As mentioned here before, Google Earth allows you to import 3D models and place them where appropriate. If you look at some of the sightseeing web sites listed in my reference section, you are sure to find a number of interesting 3D models. This is yet another way to help make your experience in Google Earth seem more real.
My two favorite 3D models are the Golden Gate Bridge in San Francisco, and the Statue of Liberty in New York City. Others I’ve seen done are the Eiffel Tower in France, the US National Monument, St. Louis Arch, the Pyramids in Egypt, and Stonehenge. See if you can find some interesting ones by going to some of the sightseeing sites I’ve listed in the reference section.
For those of you wondering what happens to Google Earth (GE) when you don’t have an Internet connection, the amazing thing is that it will work. But, it only works with what you have installed in your cache. If you anticipate taking your laptop somewhere where you won’t have a broadband connection, you can still use GE for a limited area of viewing. Or you can use it for doing a demonstration somewhere without an Internet connection.
Another blog all about Google Earth is Ogle Earth. Written by Stefan Geens in Stockholm, Ogle Earth has more of a technical focus, and he is very good at picking up new things coming out for GE. Definitely worth a read if you are really into new GE trends.
I just discovered that the release of Google Earth that came out earlier this month included a new feature called “Overview Map”. Turn it on by going to the “View” menu as shown to the right and select “Overview Map”.
This is actually a very nice tool which shows a minature overview of the earth map in the upper right corner of the 3D view. A red rectangle highlights your currently zoomed in view. If you point your mouse at another location on the overview map and double click your left mouse button you will be flown quickly over to this new location (and end up at the same altitude as your last position).
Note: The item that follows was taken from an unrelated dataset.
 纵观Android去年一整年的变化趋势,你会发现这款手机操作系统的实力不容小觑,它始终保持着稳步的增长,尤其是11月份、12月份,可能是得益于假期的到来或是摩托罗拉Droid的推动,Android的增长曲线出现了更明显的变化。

The overview map helps you keep perspective where on the Earth you are looking at, and is a fast way to go to another part of the world you want to see. You can turn this overview map on and off by keyboard shortcut: Control-M. You can also adjust the size of the Overview Map by going to the GE Options (under “Tools->Options” on Windows, or “Preferences” on the Mac). Here you can also change the “Zoom Relation” which means how close the Overview Map matches the zoom level of your current view (default is infinity).
One of the nicest features in Google Earth is the “Play Tour” viewing mode. If you have a series of placemarks (for example, if you have entered in something for directions) you can fly along the path or series of placemarks.
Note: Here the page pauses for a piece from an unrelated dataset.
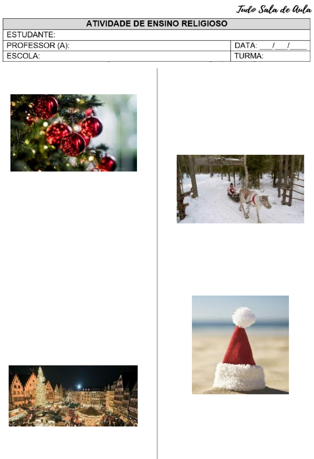 TEMA: TRADIÇÕES NATALINAS Para celebrar essa importante data do calendário cristão, alguns costumes fazem parte dos nossos dias no final do ano. Em muitos lares brasileiros não podem faltar a típica árvore de Natal e o presépio que representa o nascimento de Jesus Cristo. Assim como eles, a figura carismática do Papai Noel também está em todos os cantos do país, desde escolas até os shoppings e centros comerciais. Brasil Uma das mais saborosas e calóricas tradições de Natal no Brasil é fazer a farta ceia na noite do dia 24 para o dia 25, quando também acontece a troca de presentes entre os familiares e amigos. Em famílias mais tradicionais, ainda é visto os pais colocando presentes debaixo das camas dos filhos e falam que foi o Papai Noel quem os colocou enquanto dormiam. Alemanha Na Alemanha, a data é reservada para muitas comemorações em família. O almoço do dia 25 marca o auge das celebrações com pratos típicos, biscoitos natalinos e vinho quente. Dia 26 também é feriado no país, mas os presentes são distribuídos logo no dia 24. Outra tradição interessante é Adventskranz, um tipo de coroa natalina com quatro velas que devem ser acesas em cada domingo de dezembro, chamados de “domingos do advento”. Finlândia Os finlandeses alimentam uma tradição natalina bem diferente dos outros países europeus. Nessa data, é comum visitar o cemitério e aproveitar uma sauna. Austrália Já na Austrália, por conta do clima mais quente como no Brasil, as festas acontecem na praia e não em ambientes fechados. Muitas das tradições, tanto europeias quanto americanas, envolvem preparar biscoitinhos típicos de Natal, encontrar familiares e amigos queridos, decorar suas casas e trocar presentes. https://1.bp.blogspot.com/-4z47nQsfvyU/X4mlccYHfHI/AAAAAAAAoww/pe5J-lqi3HI707eZl2efJbuWZa_8D7yHgCLcBGAsYHQ/s282/1.jpg https://1.bp.blogspot.com/-fld33ASfVdM/X4mllDcWD9I/AAAAAAAAow0/y9vK36CLzlUSlEEhYFQU8ldLMgnxQ7e3QCLcBGAsYHQ/s289/1.jpg https://1.bp.blogspot.com/-gO0154-aO2E/X4mlxGU9HII/AAAAAAAAow8/ti-x0D95HnQVrpAbKXdSfF3GKxm8uqKjwCLcBGAsYHQ/s284/1.jpg https://1.bp.blogspot.com/-fMc8PEMoGgA/X4J3LqfzmRI/AAAAAAAAoZg/C7S1jO3HBYYtHnzpEg6hhdbzIUPcehZ1gCLcBGAsYHQ/s421/1.png Outras tradições Papai Noel O mito do Papai Noel foi baseado na história de São Nicolau, um bispo de Mira que viveu por volta de 300 d.C. Ele era famoso por distribuir presentes às crianças carentes e de ajudar financeiramente as pessoas pobres. Ele costumava deixar um saco de moedas na chaminé das moradias de quem precisava de dinheiro. Por isso falamos que o Papai Noel desce pela chaminé com um saco de presentes. Árvore de Natal A árvore como enfeite natalino começou a virar tradição na idade Média no ano de 1530. Dizem que Martinho Lutero andava por uma floresta onde havia muitos pinheiros, ele olhou para o céu e viu diversas estrelas. Ele então resolveu levar um pinheiro para a casa e colocar uma estrela no topo dela para simbolizar a sua visão da estrela que guiou os três magos até Jesus. Presépio A tradição conta que o presépio foi criado por São Francisco de Assis. Ele criou um presépio (do latim praesepium que significa estábulo) e recriou o nascimento de Jesus com atores e animais de verdade. Esse cenário serviu para uma missa de Natal. O presépio ganhou a admiração dos fiéis e em pouco tempo toda a família fazia o seu presépio em casa. A Estrela de Belém Ela é colocada no alto da árvore natalina para representar a estrela que levou os três magos até o local de nascimento de Jesus. Ela possuiu quatro pontas que representam os pontos cardeais e possui uma cauda luminosa que lembra uma estrela cadente. NATAL É DIA DE PAZ, DE AMOR E DE UNIÃO! ATIVIDADES SOBRE O QUE VOCÊ APRENDEU 1. Escreva alguns costumes natalinos que são praticados pelos cristãos de São Gonçalo do Amarante. _________________________________________ _________________________________________ _________________________________________ _________________________________________ 2. O que é a tradição Adventskranz que acontece na Alemanha? _________________________________________ _________________________________________ _________________________________________ _________________________________________ 3. Qual a tradição natalina você mais gosta quando chega dezembro? Por quê? _________________________________________ _________________________________________ _________________________________________ _________________________________________ 4. Como surgiu a tradição do Papai Noel no natal? _________________________________________ _________________________________________ _________________________________________ _________________________________________ 5. Escreva uma mensagem de natal carregada de paz e amor endereçada à pessoa que você mais gosta neste mundo. _________________________________________ _________________________________________ _________________________________________ _________________________________________

For example, at the top left click on “Directions” and enter “Arlington, VA” at the start, and “Washington, DC” at the end. Next click “Search”. The route between these two will be calculated. Now, you will see small “Play Tour” and “Stop Tour” buttons appear in the lower right below the directions. “Route” should be highlighted. Click the “Play Tour” button and you will be flown along the route to Washington, DC. (For added fun, select “Buildings” to see the 3D buildings of the Washington, DC area).
If you have a series of placemarks in your Places, you can select the folder with those placemarks and use the Fly Tour mode there as well. A keyboard shortcut – F10 – can be used as well.